In Jewish thought, there are several categories of citizenship including stranger, citizen, and in-dwelling stranger. “Ger” means stranger, “gerim,” the plural, means strangers. In Leviticus 19:34, we find a discussion of the ger: “The stranger who resides with you shall be to you as one of your citizens; you shall love him as yourself, for you were strangers in the land of Egypt.”
“Ger toshav (the one who dwells among you)” is distinct from ger. A ger toshav is a positive term to describe a non-Jewish person who stands for the rights of Jewish people, who raises Jewish children but does not themselves convert, who is active in congregational life, or who is on a Jewish journey without being born Jewish. Because ger toshav has connotations of otherness, of being different from the group, some Jewish communities prefer to use the term k’rov Yisrael (friend or relative of Israel). For both ger toshav and k’rov Yisrael the term, and the responsibility it demands, is about allyship.

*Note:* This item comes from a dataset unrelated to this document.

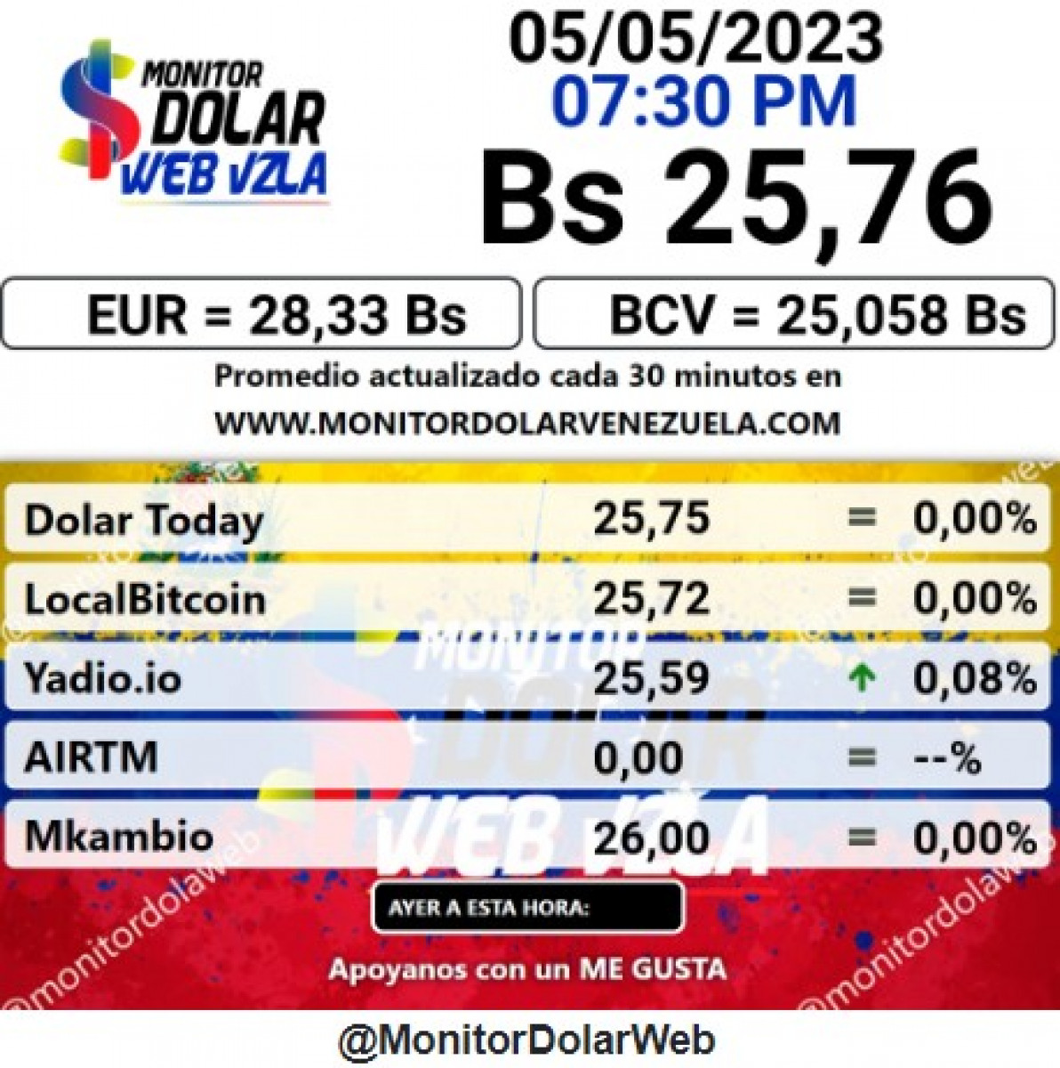 El portal web oficial de Monitor Dolar actualizó el precio de la divisa norteamericana en 25,76 bolívares para hoy, 5 de mayo.
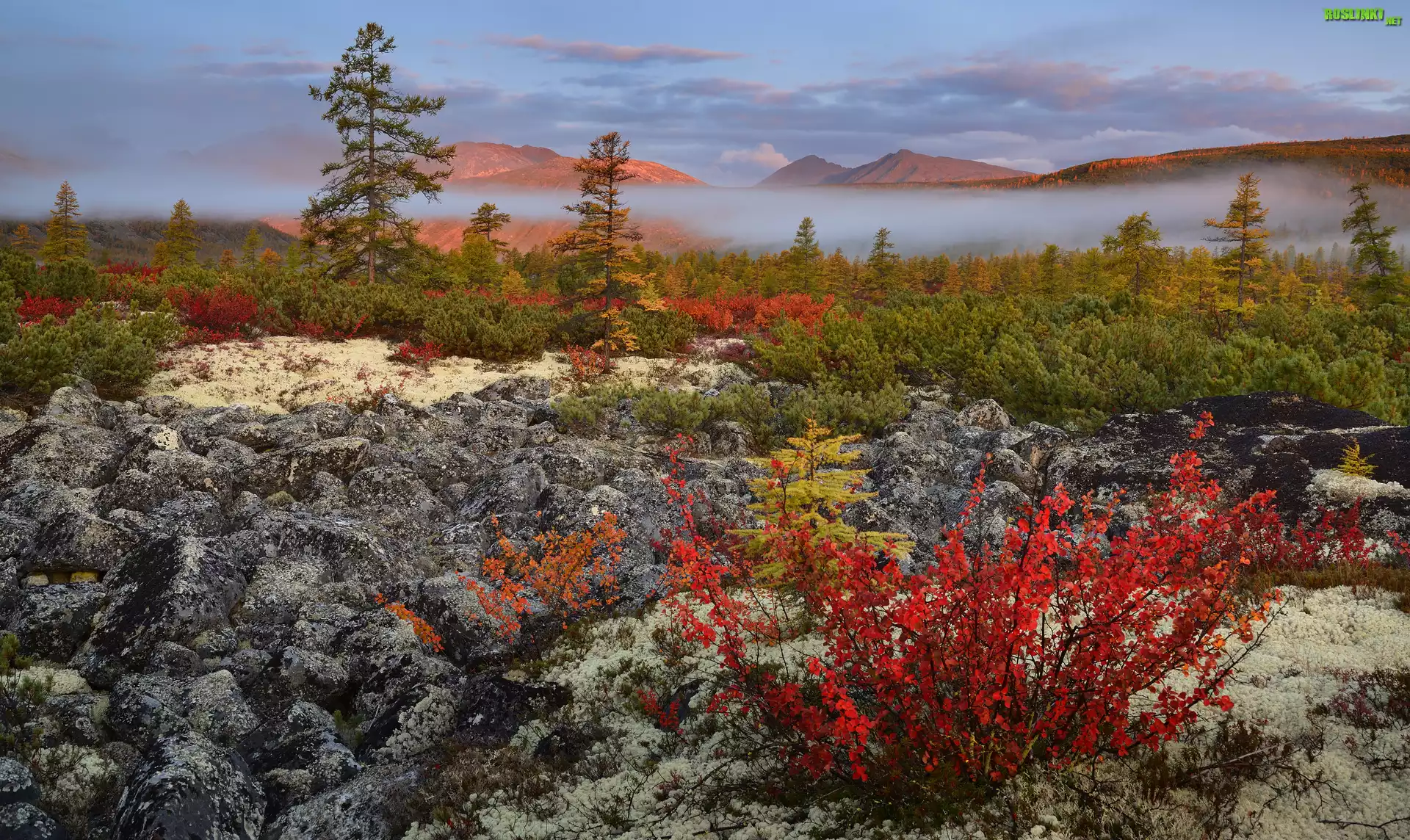 Rośliny: Jesień, Kołyma, Obwód magadański, Rosja, Góry, Mgła, Rośliny, Drzewa, Skały, Kamienie

As I write this, just a few weeks before a summer of epic Canada 150 celebrations, I am thinking about how all non-indigenous people in Canada can be considered gerim. In this analysis, all of us who are not indigenous are visitors to a land that rightfully belongs to the Inuit, the Métis, and the First Nations. According to my hypothesis, if all immigrants to Canada [and their descendants] are gerim, what will it take for us to merit the designation gerei toshav? What does allyship look like? More specifically, what will it take for non-indigenous Jewish people in Canada to be allies of indigenous communities?
No matter how we as contemporary individuals feel about the modern State of Israel, many will agree that our status as a Diaspora community depends on the Babylonian Exile and expulsion from the spiritual and historic Eretz Yisrael. The word “diaspora” is from the ancient Greek word meaning “scattering” or “dispersion.” Jews have been living in Diaspora since ancient times, as strangers within strange lands, and have nurtured new communities away from Eretz Yisrael. Each year at Passover we also remember the end of the Israelites’ first significant Diaspora when they returned to Canaan after several generations of slavery, as well as exile, in Mitzrayim (Egypt).
The Jewish people therefore know a thing or two about being visitors and then settlers to a land. I wonder whether our historic knowledge of living alongside others, and of being a less powerful minority within a majority community, might not be a useful position from which to contribute to the ongoing labour of repairing old relations and nurturing new, healthy relations between settlers and indigenous peoples in Canada. Can Canadian Jews take up the call more loudly, and perhaps, in an institutional way, stand up for indigenous peoples in Canada who, for 500 years, have been reduced to third-class citizens in their own land? If we are visitors here, on land that belongs to others, what can we do to be supportive and ethical in-dwelling strangers, to be supportive gerei toshav?
I write this column at my desk in a house I rent, a house built on the unceded and unsurrendered land of the Algonquin people. In naming my position, I challenge myself to be aware that I am a visitor to this land, just as I am a visitor to this house. It is not mine. It does not belong to me. Yet as a visitor, as an in-dwelling stranger, I have responsibilities to uphold. I must treat this house, this land, this water, this nature, and the people who own it with respect. I must actively practice being an ally. Only then can I be honoured as a ger toshav.
These questions and others will define how I observe Canada’s 150th. How about you?